• _Aim of the exercise_:
Below is a listing; print exactly its lines from the one containing "Make your evening" down to the one containing "所在なく転がるACアダプター", both inclusive, with every picture left out.

• _Data shown_:
+ + +

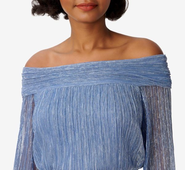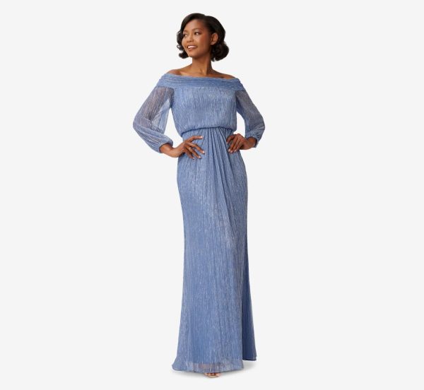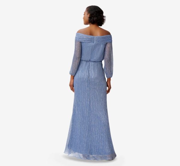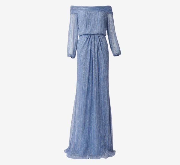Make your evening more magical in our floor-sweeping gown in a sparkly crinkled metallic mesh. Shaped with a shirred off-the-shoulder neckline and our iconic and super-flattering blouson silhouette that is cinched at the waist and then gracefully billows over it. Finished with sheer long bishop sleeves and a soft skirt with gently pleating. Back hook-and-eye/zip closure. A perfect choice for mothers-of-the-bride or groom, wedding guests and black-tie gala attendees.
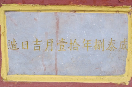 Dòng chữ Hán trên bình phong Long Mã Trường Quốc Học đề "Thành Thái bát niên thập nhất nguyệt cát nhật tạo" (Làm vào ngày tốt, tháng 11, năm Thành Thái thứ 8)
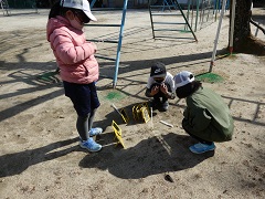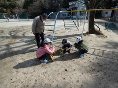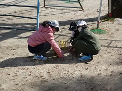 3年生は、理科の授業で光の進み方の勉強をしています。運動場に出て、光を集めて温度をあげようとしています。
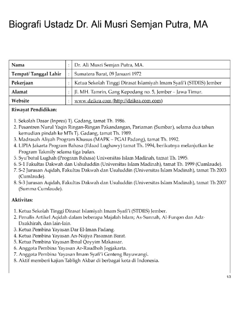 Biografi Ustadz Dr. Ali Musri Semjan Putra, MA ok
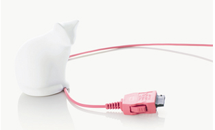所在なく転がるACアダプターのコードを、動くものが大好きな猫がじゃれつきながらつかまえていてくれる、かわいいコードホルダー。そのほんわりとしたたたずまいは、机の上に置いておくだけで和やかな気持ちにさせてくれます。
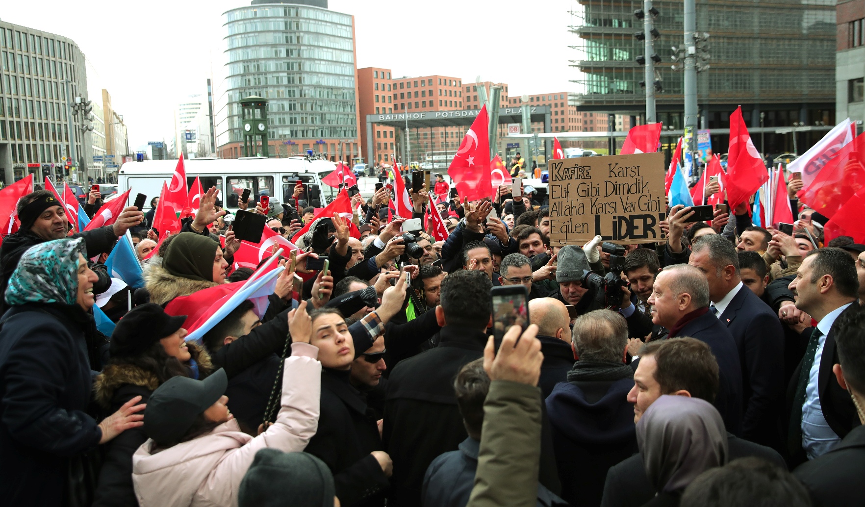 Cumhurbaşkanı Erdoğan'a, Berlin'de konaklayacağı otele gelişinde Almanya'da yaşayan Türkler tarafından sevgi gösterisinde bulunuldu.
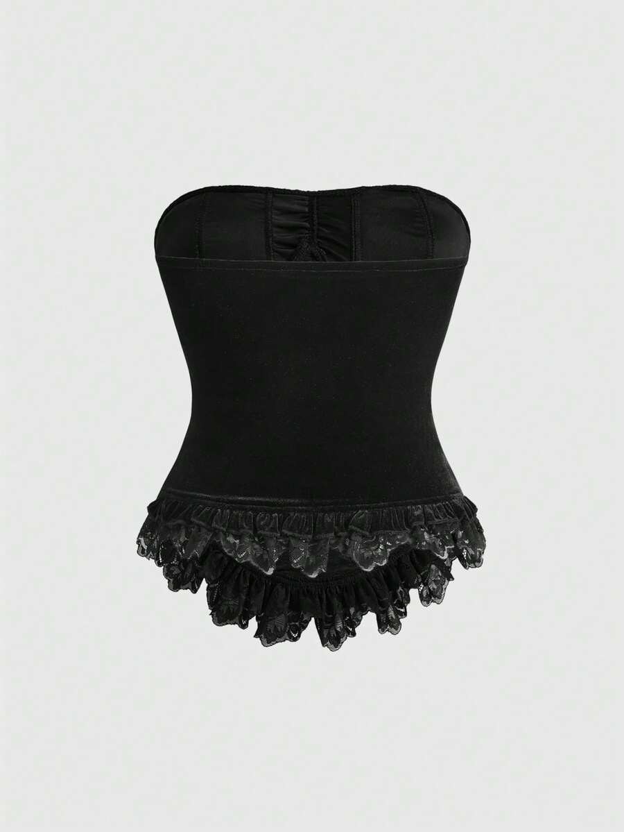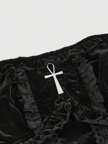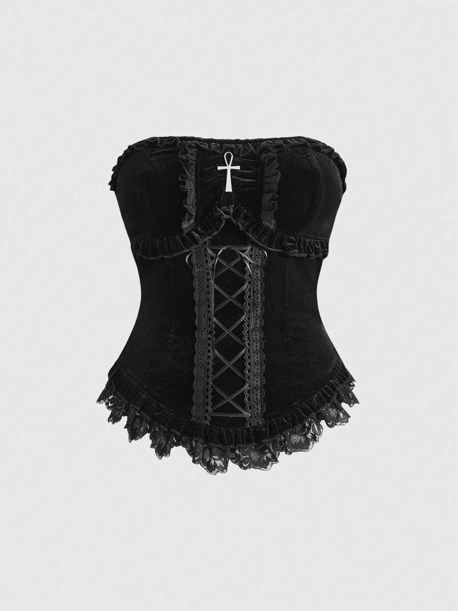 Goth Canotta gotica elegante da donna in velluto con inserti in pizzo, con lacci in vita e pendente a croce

+ + +

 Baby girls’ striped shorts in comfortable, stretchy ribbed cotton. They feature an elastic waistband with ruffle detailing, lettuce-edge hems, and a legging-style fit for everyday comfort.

+ + +

• _Result for this exercise_:
Make your evening more magical in our floor-sweeping gown in a sparkly crinkled metallic mesh. Shaped with a shirred off-the-shoulder neckline and our iconic and super-flattering blouson silhouette that is cinched at the waist and then gracefully billows over it. Finished with sheer long bishop sleeves and a soft skirt with gently pleating. Back hook-and-eye/zip closure. A perfect choice for mothers-of-the-bride or groom, wedding guests and black-tie gala attendees.
 Dòng chữ Hán trên bình phong Long Mã Trường Quốc Học đề "Thành Thái bát niên thập nhất nguyệt cát nhật tạo" (Làm vào ngày tốt, tháng 11, năm Thành Thái thứ 8)
 3年生は、理科の授業で光の進み方の勉強をしています。運動場に出て、光を集めて温度をあげようとしています。
 Biografi Ustadz Dr. Ali Musri Semjan Putra, MA ok
所在なく転がるACアダプターのコードを、動くものが大好きな猫がじゃれつきながらつかまえていてくれる、かわいいコードホルダー。そのほんわりとしたたたずまいは、机の上に置いておくだけで和やかな気持ちにさせてくれます。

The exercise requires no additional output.